The relationship of menopause to disease activity in SLE begs the controversial question of whether postmenopausal sex hormone replacement is safe in patients with SLE. This topic has been studied and reviewed extensively. Evidence from the Nurses’ Health Study, a large prospective cohort study, shows a 2-fold increased risk of SLE for women treated with postmenopausal hormone replacement. However, these data were collected at a time when such therapy was much more common than now. Estrogen or combined estrogen-progesterone therapy is associated with increased mild to moderate flares of SLE but not with severe flares. New data are available that may suggest possible mechanisms of SLE flares with hormonal therapy. In a recent study of 35 patients with SLE and 15 controls, investigators found increased expression of toll-like receptor (TLR) 3, 7, and 9 on peripheral blood mononuclear cells when comparing patients with controls. Postmenopausal status among the patients was associated with a higher percentage of cells expressing TLRs. Another study reported decreased tumor necrosis factor production by estrogen-treated peripheral blood mononuclear cells from patients with SLE.
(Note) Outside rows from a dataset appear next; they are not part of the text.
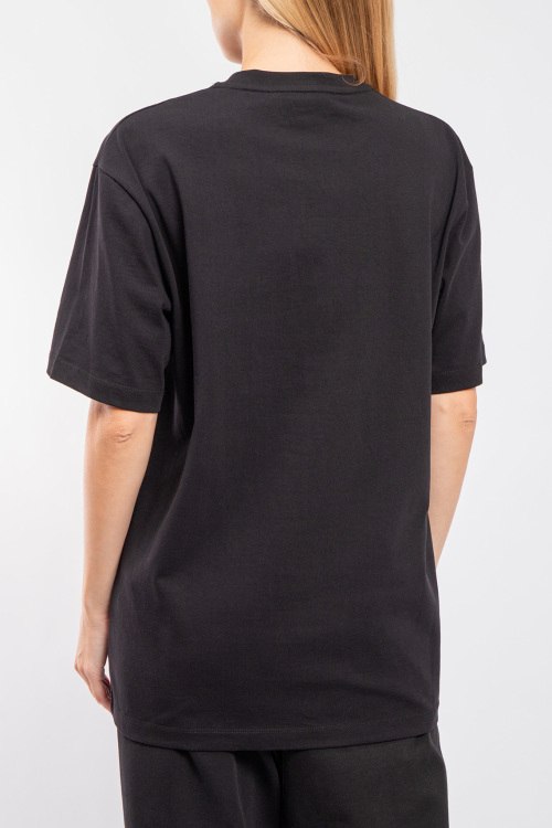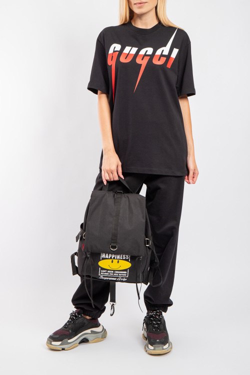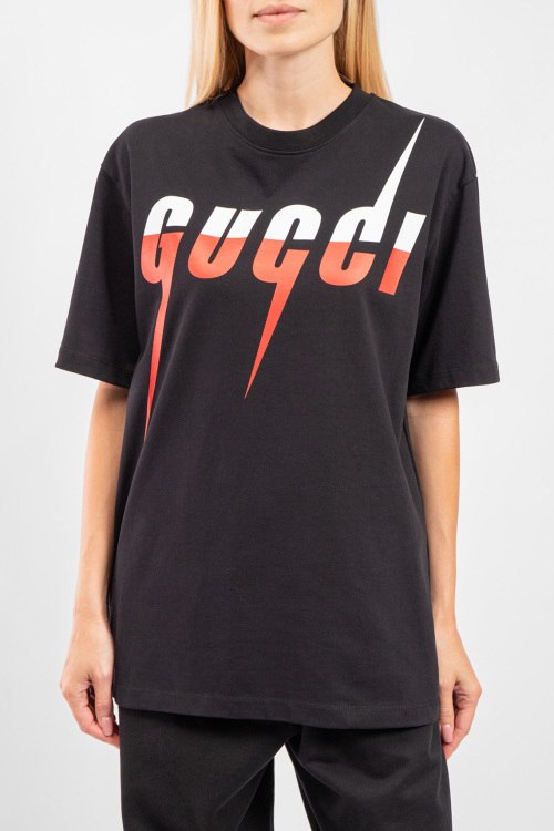 Женская счрная хлопковая футболка Gucci Blade от Gucci (Гуччи). Фасон oversize, логотип на груди, круглый вырез горловины, короткий рукав, удлиненная длина.
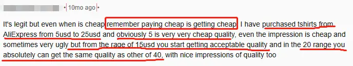 But there is another situation: you think the item is inferior or fake just as it fails to meet your high expectations. Especially with branded items on AliExpress, like the ālatestā pair of Nike shoes for $30 with free shipping, itās clear they wonāt be as good as the original ones. As long as the quality aligns with a $30 value, itās acceptable. Here are 2 AliExpress users’ comments.
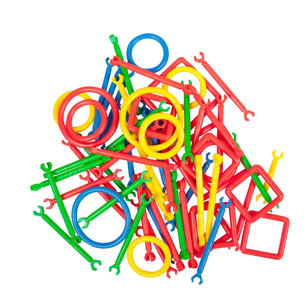 Juego de ensamble con piezas de plástico rígido que se unen entre sí para crear distintas formas. Crea los diseños que tu imaginación te permita. Desarrolla las habilidades estratégicas, la coordinación ojo-mano, la psicomotricidad fina y la imaginación.
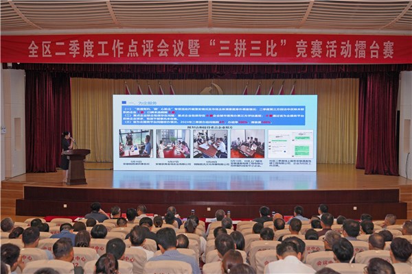 会前,“三拼三比”竞赛活动中,狮子山高新区、西湖镇、东郊办、新城办分别围绕招商引资、重点项目固定资产投资、高企认定推荐等登台展示;17个区直管社区分别围绕为企服务、民生工程、信访工作等晒成绩、比干劲、找差距,激发了干事创业活力,营造了比学赶超的浓厚氛围。

Menopause has been studied in relationship to complications of SLE, especially premature atherosclerosis and osteoporosis. Low bone density is associated with disease activity and damage accrual: osteoporosis is an intrinsic part of SLE that is not induced purely by treatment. Menopause is a risk factor for more severe osteoporosis as well as fragility fracture. Postmenopausal patients with SLE were significantly more likely to have a vertebral compression fracture than premenopausal patients. Further, the 10-year risk of osteoporotic fracture is greater among women with SLE compared with matched controls, despite comparable bone mineral density values. This risk was predicted by premature menopause as well as cumulative glucocorticoid dose. Treatment with either estrogen or selective estrogen agonists, such as raloxifene, maintain bone density in postmenopausal patients with SLE. Newer data suggest that raloxifene does not worsen lupus flares, alter disease activity, or increase inflammatory markers in postmenopausal patients with SLE. But the study is small (n = 62) and relatively short (12 months).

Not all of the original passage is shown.